— Problem description —
In the data below, locate the line containing "AUTOMATIC ジャンク品 ①" and the line containing "2 PIECE FLORAL", then retype both and everything between them exactly. Pictures are not part of the copy.

— Dataset —

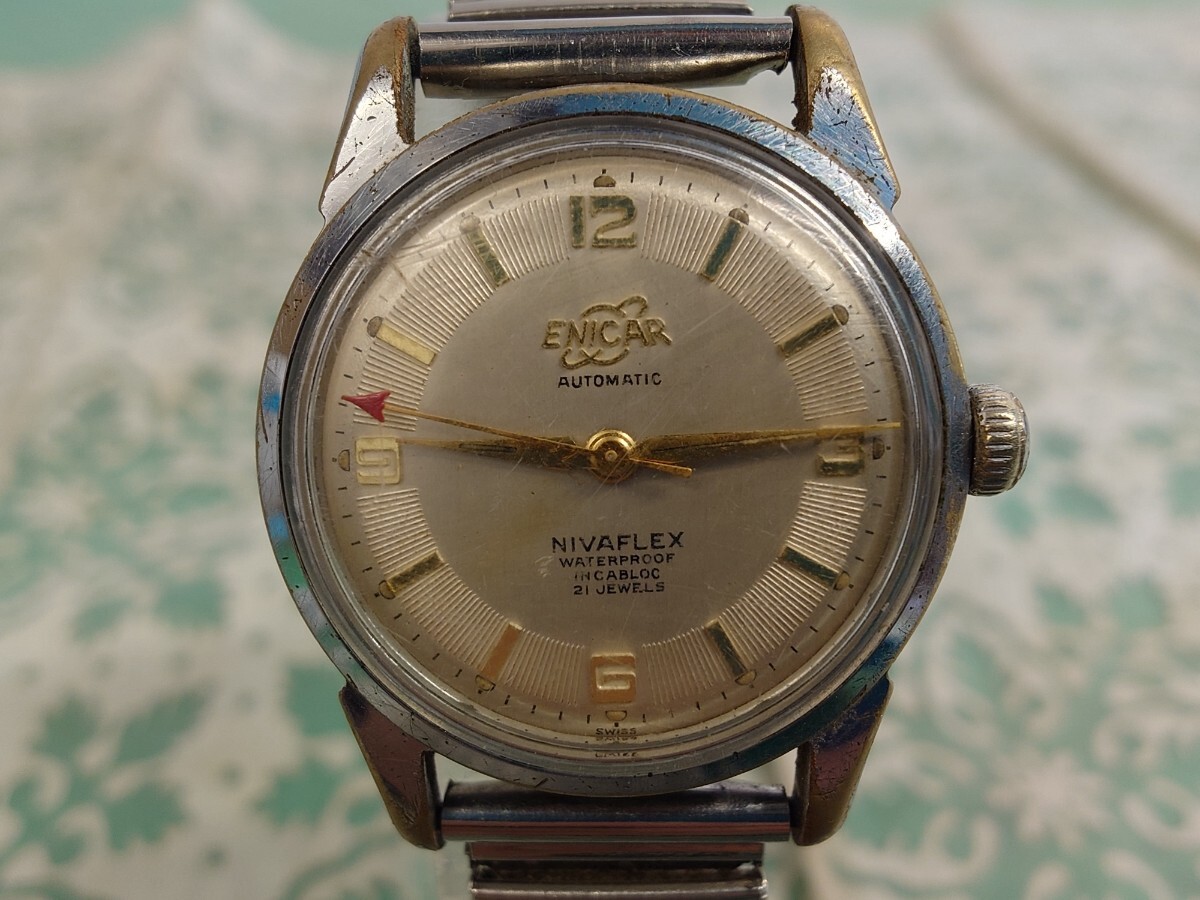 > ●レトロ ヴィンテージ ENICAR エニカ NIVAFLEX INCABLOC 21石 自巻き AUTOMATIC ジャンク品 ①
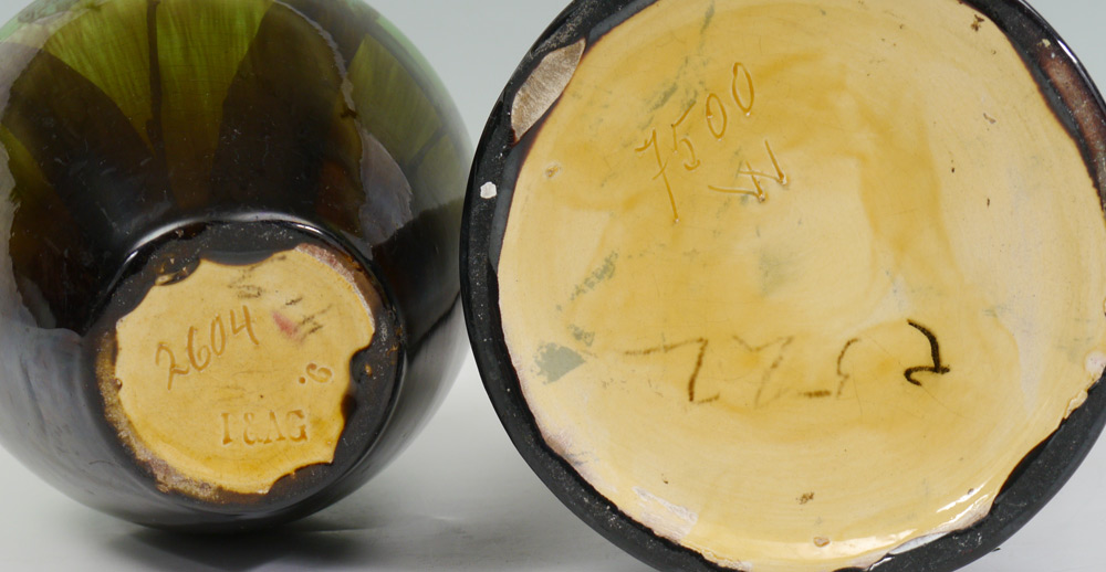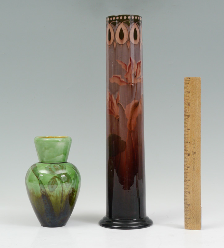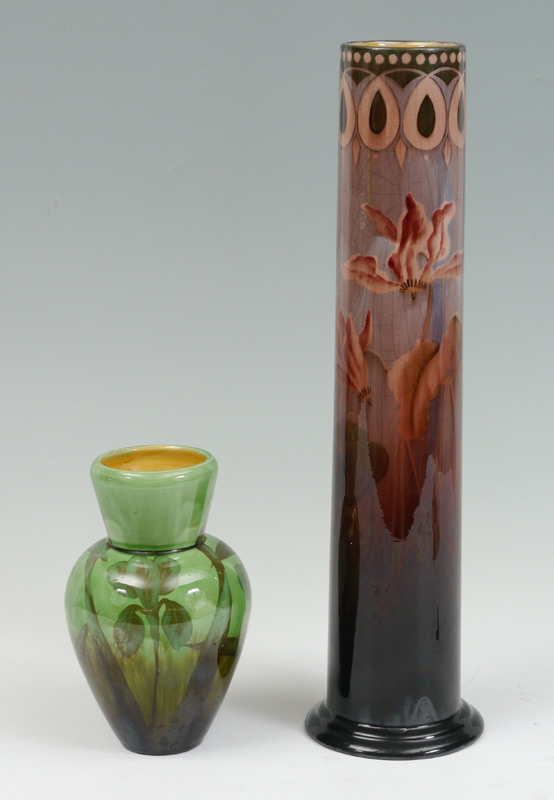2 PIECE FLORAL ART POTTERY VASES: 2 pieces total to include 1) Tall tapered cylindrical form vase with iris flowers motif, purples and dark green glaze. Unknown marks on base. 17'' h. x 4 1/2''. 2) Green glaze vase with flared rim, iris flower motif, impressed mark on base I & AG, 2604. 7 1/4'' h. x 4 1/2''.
* * *
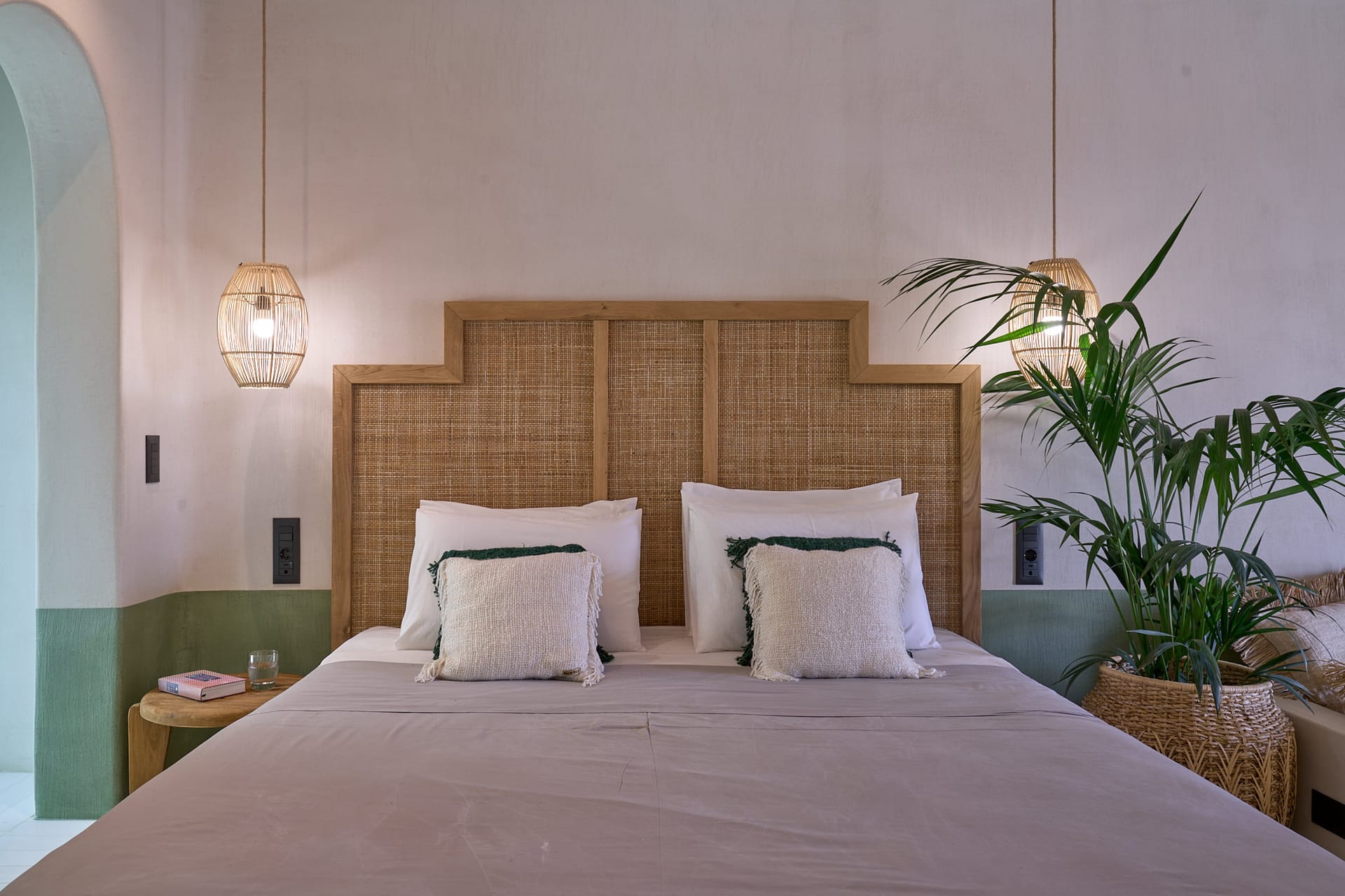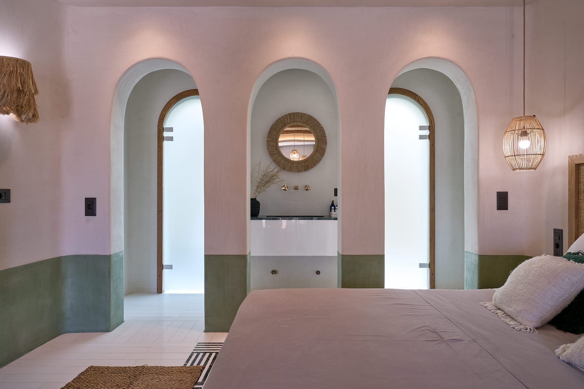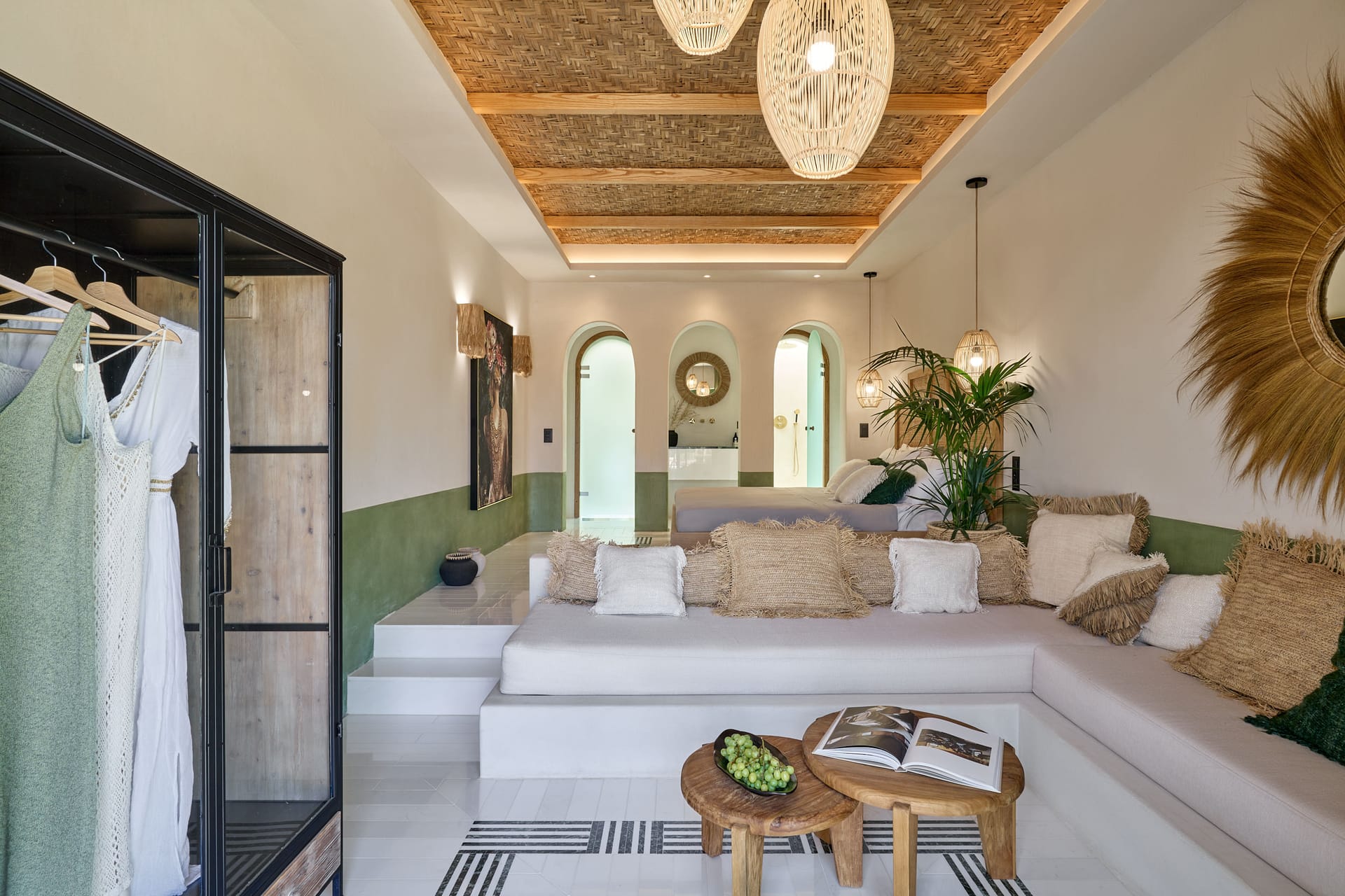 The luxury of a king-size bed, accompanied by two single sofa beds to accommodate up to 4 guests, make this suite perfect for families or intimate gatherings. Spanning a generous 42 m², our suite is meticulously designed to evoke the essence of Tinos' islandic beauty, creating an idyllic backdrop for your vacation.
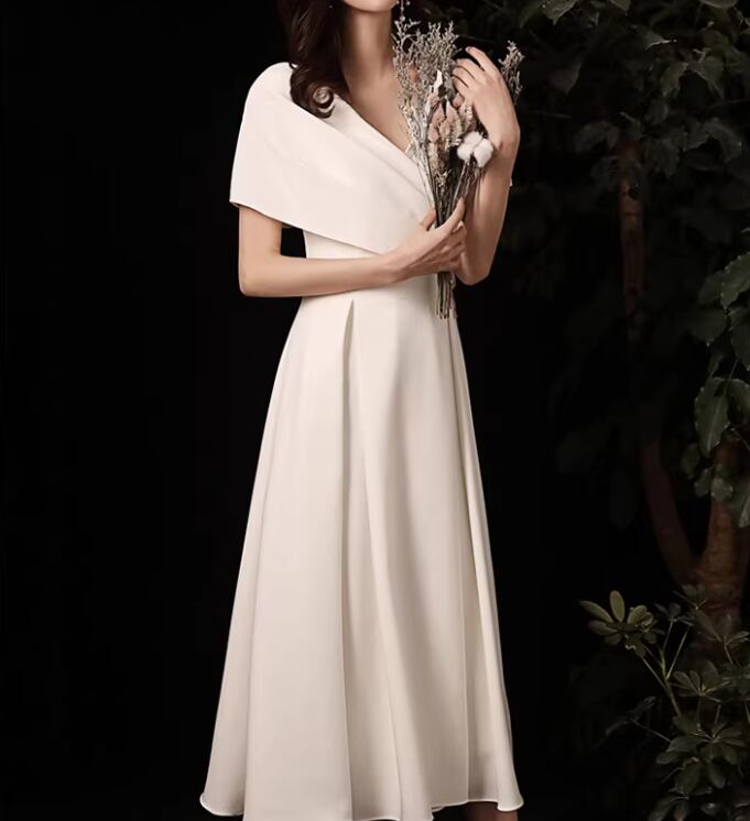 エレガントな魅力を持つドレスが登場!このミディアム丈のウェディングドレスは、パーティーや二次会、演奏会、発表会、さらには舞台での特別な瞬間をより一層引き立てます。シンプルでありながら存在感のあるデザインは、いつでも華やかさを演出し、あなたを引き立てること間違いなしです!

— Solution to this exercise —
 > ●レトロ ヴィンテージ ENICAR エニカ NIVAFLEX INCABLOC 21石 自巻き AUTOMATIC ジャンク品 ①
2 PIECE FLORAL ART POTTERY VASES: 2 pieces total to include 1) Tall tapered cylindrical form vase with iris flowers motif, purples and dark green glaze. Unknown marks on base. 17'' h. x 4 1/2''. 2) Green glaze vase with flared rim, iris flower motif, impressed mark on base I & AG, 2604. 7 1/4'' h. x 4 1/2''.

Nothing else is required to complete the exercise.